◆ Required action: Repeat every line of the data verbatim.

%%

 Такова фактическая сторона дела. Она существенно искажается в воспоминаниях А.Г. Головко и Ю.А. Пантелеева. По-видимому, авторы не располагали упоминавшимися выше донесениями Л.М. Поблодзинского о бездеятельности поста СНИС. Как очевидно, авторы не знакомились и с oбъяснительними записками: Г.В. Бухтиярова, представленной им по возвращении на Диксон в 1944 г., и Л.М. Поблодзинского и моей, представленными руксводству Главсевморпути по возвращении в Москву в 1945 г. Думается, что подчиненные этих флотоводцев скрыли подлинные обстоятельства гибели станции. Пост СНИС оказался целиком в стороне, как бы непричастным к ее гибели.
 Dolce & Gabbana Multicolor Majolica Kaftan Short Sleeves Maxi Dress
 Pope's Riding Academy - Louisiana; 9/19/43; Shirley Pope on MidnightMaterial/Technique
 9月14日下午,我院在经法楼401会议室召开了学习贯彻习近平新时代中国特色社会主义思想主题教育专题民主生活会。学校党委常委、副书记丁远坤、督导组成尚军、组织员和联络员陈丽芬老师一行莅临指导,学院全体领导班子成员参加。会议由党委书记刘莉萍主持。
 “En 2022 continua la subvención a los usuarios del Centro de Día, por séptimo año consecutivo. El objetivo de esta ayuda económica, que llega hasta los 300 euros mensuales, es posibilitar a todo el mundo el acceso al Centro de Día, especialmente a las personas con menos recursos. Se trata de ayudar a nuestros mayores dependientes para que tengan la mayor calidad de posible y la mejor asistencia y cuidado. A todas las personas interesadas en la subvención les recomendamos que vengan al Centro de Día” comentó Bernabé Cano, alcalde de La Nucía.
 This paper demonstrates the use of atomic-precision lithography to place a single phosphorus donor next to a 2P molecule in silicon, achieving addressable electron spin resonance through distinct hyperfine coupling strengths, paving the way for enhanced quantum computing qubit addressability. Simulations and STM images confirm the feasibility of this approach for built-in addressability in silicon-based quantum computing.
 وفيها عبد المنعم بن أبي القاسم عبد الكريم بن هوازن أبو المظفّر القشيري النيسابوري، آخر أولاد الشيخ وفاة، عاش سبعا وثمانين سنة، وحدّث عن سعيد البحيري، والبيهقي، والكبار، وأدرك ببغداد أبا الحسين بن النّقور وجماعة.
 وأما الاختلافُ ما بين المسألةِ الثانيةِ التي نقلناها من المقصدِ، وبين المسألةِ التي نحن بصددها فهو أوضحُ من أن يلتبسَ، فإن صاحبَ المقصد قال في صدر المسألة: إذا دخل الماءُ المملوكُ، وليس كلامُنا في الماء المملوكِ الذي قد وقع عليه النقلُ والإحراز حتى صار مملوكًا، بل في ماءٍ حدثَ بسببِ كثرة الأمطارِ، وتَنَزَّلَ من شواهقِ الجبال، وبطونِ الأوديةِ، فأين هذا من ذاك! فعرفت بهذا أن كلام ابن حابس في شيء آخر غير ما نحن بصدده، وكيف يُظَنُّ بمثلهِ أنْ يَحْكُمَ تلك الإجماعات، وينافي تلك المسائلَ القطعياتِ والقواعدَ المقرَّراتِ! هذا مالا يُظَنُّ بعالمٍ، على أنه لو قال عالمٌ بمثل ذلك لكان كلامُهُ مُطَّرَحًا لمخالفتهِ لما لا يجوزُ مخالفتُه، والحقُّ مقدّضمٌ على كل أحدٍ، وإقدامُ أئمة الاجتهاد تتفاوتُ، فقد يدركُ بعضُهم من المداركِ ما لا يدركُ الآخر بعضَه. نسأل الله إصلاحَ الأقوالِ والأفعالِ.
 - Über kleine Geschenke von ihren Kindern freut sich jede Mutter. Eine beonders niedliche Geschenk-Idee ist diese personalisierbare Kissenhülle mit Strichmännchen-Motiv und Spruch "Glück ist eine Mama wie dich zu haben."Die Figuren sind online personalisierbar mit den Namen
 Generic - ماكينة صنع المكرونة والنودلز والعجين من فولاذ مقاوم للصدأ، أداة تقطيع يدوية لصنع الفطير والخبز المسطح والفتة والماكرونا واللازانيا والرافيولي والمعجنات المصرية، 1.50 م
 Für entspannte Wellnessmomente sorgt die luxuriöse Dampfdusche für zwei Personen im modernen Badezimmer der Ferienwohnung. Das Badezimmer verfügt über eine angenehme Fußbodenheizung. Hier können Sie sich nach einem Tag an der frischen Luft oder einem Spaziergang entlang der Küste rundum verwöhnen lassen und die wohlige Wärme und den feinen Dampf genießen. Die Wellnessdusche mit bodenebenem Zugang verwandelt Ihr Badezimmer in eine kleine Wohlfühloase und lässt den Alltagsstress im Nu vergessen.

%%

◆ Written response:
 Такова фактическая сторона дела. Она существенно искажается в воспоминаниях А.Г. Головко и Ю.А. Пантелеева. По-видимому, авторы не располагали упоминавшимися выше донесениями Л.М. Поблодзинского о бездеятельности поста СНИС. Как очевидно, авторы не знакомились и с oбъяснительними записками: Г.В. Бухтиярова, представленной им по возвращении на Диксон в 1944 г., и Л.М. Поблодзинского и моей, представленными руксводству Главсевморпути по возвращении в Москву в 1945 г. Думается, что подчиненные этих флотоводцев скрыли подлинные обстоятельства гибели станции. Пост СНИС оказался целиком в стороне, как бы непричастным к ее гибели.
 Dolce & Gabbana Multicolor Majolica Kaftan Short Sleeves Maxi Dress
 Pope's Riding Academy - Louisiana; 9/19/43; Shirley Pope on MidnightMaterial/Technique
 9月14日下午,我院在经法楼401会议室召开了学习贯彻习近平新时代中国特色社会主义思想主题教育专题民主生活会。学校党委常委、副书记丁远坤、督导组成尚军、组织员和联络员陈丽芬老师一行莅临指导,学院全体领导班子成员参加。会议由党委书记刘莉萍主持。
 “En 2022 continua la subvención a los usuarios del Centro de Día, por séptimo año consecutivo. El objetivo de esta ayuda económica, que llega hasta los 300 euros mensuales, es posibilitar a todo el mundo el acceso al Centro de Día, especialmente a las personas con menos recursos. Se trata de ayudar a nuestros mayores dependientes para que tengan la mayor calidad de posible y la mejor asistencia y cuidado. A todas las personas interesadas en la subvención les recomendamos que vengan al Centro de Día” comentó Bernabé Cano, alcalde de La Nucía.
 This paper demonstrates the use of atomic-precision lithography to place a single phosphorus donor next to a 2P molecule in silicon, achieving addressable electron spin resonance through distinct hyperfine coupling strengths, paving the way for enhanced quantum computing qubit addressability. Simulations and STM images confirm the feasibility of this approach for built-in addressability in silicon-based quantum computing.
 وفيها عبد المنعم بن أبي القاسم عبد الكريم بن هوازن أبو المظفّر القشيري النيسابوري، آخر أولاد الشيخ وفاة، عاش سبعا وثمانين سنة، وحدّث عن سعيد البحيري، والبيهقي، والكبار، وأدرك ببغداد أبا الحسين بن النّقور وجماعة.
 وأما الاختلافُ ما بين المسألةِ الثانيةِ التي نقلناها من المقصدِ، وبين المسألةِ التي نحن بصددها فهو أوضحُ من أن يلتبسَ، فإن صاحبَ المقصد قال في صدر المسألة: إذا دخل الماءُ المملوكُ، وليس كلامُنا في الماء المملوكِ الذي قد وقع عليه النقلُ والإحراز حتى صار مملوكًا، بل في ماءٍ حدثَ بسببِ كثرة الأمطارِ، وتَنَزَّلَ من شواهقِ الجبال، وبطونِ الأوديةِ، فأين هذا من ذاك! فعرفت بهذا أن كلام ابن حابس في شيء آخر غير ما نحن بصدده، وكيف يُظَنُّ بمثلهِ أنْ يَحْكُمَ تلك الإجماعات، وينافي تلك المسائلَ القطعياتِ والقواعدَ المقرَّراتِ! هذا مالا يُظَنُّ بعالمٍ، على أنه لو قال عالمٌ بمثل ذلك لكان كلامُهُ مُطَّرَحًا لمخالفتهِ لما لا يجوزُ مخالفتُه، والحقُّ مقدّضمٌ على كل أحدٍ، وإقدامُ أئمة الاجتهاد تتفاوتُ، فقد يدركُ بعضُهم من المداركِ ما لا يدركُ الآخر بعضَه. نسأل الله إصلاحَ الأقوالِ والأفعالِ.
 - Über kleine Geschenke von ihren Kindern freut sich jede Mutter. Eine beonders niedliche Geschenk-Idee ist diese personalisierbare Kissenhülle mit Strichmännchen-Motiv und Spruch "Glück ist eine Mama wie dich zu haben."Die Figuren sind online personalisierbar mit den Namen
 Generic - ماكينة صنع المكرونة والنودلز والعجين من فولاذ مقاوم للصدأ، أداة تقطيع يدوية لصنع الفطير والخبز المسطح والفتة والماكرونا واللازانيا والرافيولي والمعجنات المصرية، 1.50 م
 Für entspannte Wellnessmomente sorgt die luxuriöse Dampfdusche für zwei Personen im modernen Badezimmer der Ferienwohnung. Das Badezimmer verfügt über eine angenehme Fußbodenheizung. Hier können Sie sich nach einem Tag an der frischen Luft oder einem Spaziergang entlang der Küste rundum verwöhnen lassen und die wohlige Wärme und den feinen Dampf genießen. Die Wellnessdusche mit bodenebenem Zugang verwandelt Ihr Badezimmer in eine kleine Wohlfühloase und lässt den Alltagsstress im Nu vergessen.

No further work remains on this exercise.